Millennium Tower

Millennium Tower Fix Shifts to Hasten Completion

Documents show the first of the newly installed piles on Fremont went in Oct. 8.

NBC Universal, Inc.

Millennium Tower “fix” engineers have scrapped an elaborate strategy designed to prevent more tilting at the troubled high-rise as they push to complete the project – a shift in strategy that critics say amounts to gambling, but monitoring data suggests is paying off so far. Jaxon Van Derbeken reports.

Millennium Tower fix engineers have scrapped an elaborate strategy designed to prevent more tilting at the troubled high-rise as they push to complete the project – a shift in strategy that critics say amounts to gambling, but monitoring data suggests is paying off so far.

Back in June, after the building tilted nearly three more inches to the west toward Fremont Street in a matter of months, engineers halted work on an underground support wall along Fremont. They proposed continuing to work around the corner along Mission Street, then propping up the building on one corner by extending the foundation and attaching it to piles already sunk to bedrock. The prop-up strategy, engineers said, would support the tower enough to prevent any more tilting to the west when work resumed on that shoring wall designed to protect Fremont Street.

But monitoring reports on file with the city show last month, crews resumed digging along Fremont Street – without first propping up the structure at the corner.

Documents show the first of the newly installed piles on Fremont went in Oct. 8. So far, there has been no “noticeable impact” on the structure’s tilt, said lead engineer Ronald Hamburger in a statement.

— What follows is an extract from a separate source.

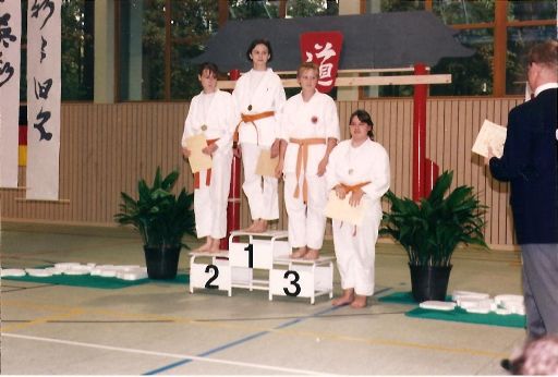 Stefan Schräpel, der gleichfalls in der Kategorie 7. Kyu startete, konnte sich ebenfalls gut durchsetzen. In Kata traf er in der zweiten Runde auf einen Gelbgurt. Nach einem Unentschieden ging es in die nächste Runde. Da der Gelbgurt die Kata Heian Nidan nicht kannte, mußte Stefan nochmals mit Heian Shodan antreten. Meiner Meinung nach hätte er wohl den Sieg verdient, aber die Schiedsrichter entschieden für den Gelbgurt, der allerdings den Gelbgurt, der allerdings im weiteren Verlauf keine Chance mehr hatte, so daß Stefan damit in der Kategorie Kata keine Siegesmöglichkeiten mehr hatte. Etwas anders sah die Sache dann schon beim Kumite aus. Hier bestätigte Stefan seine Leistung von den Meisterschaften im Mai und sicherte sich einen dritten Platz.

“Resumption of shoring wall work on Fremont street is intended to move the project towards an earlier conclusion according to the original schedule,” Hamburger said, adding that the work is subject to constant oversight and cannot go forward each day without his release.

Millennium Tower Association spokesman Doug Elmets said in a statement that the city’s appointed engineering and design review panel signed off on scrapping the corner prop-up plan, but city officials say Hamburger’s team made the final call on how to proceed.

Elmets added, “we resumed work on Fremont Street a month ago without any further tilting.”

“They’re gambling,” says veteran geotechnical engineer Bob Pyke, a longtime critic of the fix. He says the work being done along Fremont Street to finish that underground wall is essentially the same digging that led to the tower’s leaning nearly three more inches in the first part of the year.

Pyke says the soil being removed to construct the wall serves to buttress the sides of the tower’s foundation against more tilting. Although tilting data is holding steady so far, Pyke is skeptical that will continue given the project’s troubled track record.

“They simply don't understand geotechnical issues, which is why they've had one problem after another,” Pyke says.

Meanwhile, the homeowners association has alerted residents about the resumed work along Fremont, saying the goal is to hasten project completion. The association warns that residents can expect a new round of jackhammering as crews dig along Mission Street to extend the foundation out to those existing support pilesthat have been sunk to bedrock.